BRIEF:
Only the pictures are to be omitted; everything else in the listing must be reproduced exactly.

··· DATA BLOCK

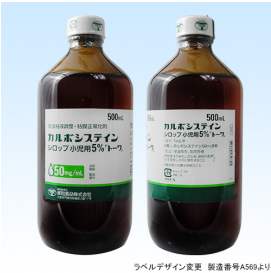
ラベルデザイン変更 製造番号A569より
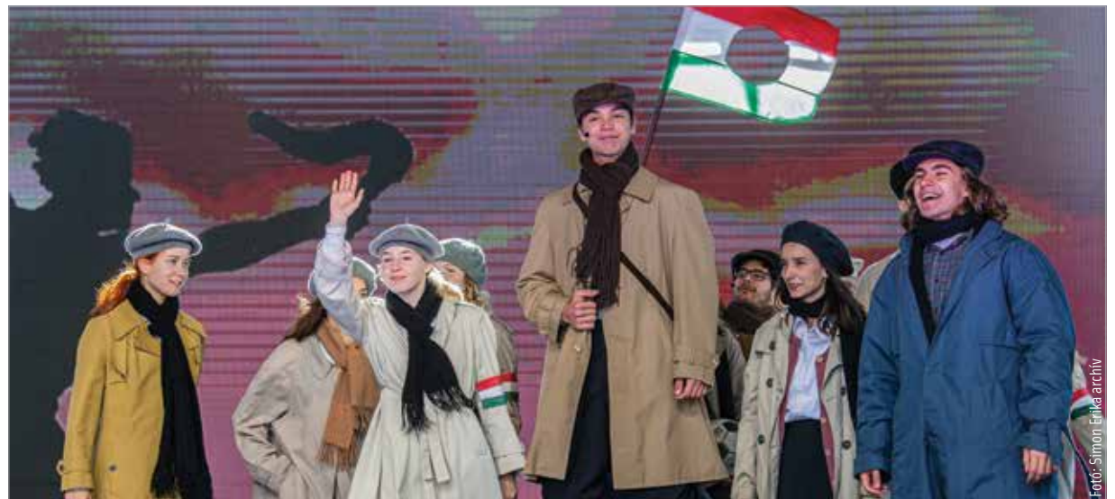
A város diáksága állandó résztvevője az előadásoknak

A történetek megosztásával kapcsolatos információk megtalálhatók a Székesfehérvári Közösségi és Kulturális Központ weboldalán. Az emlékeket április tizenötödikéig várják.

······

ANSWER SECTION:
ラベルデザイン変更 製造番号A569より
A város diáksága állandó résztvevője az előadásoknak

A történetek megosztásával kapcsolatos információk megtalálhatók a Székesfehérvári Közösségi és Kulturális Központ weboldalán. Az emlékeket április tizenötödikéig várják.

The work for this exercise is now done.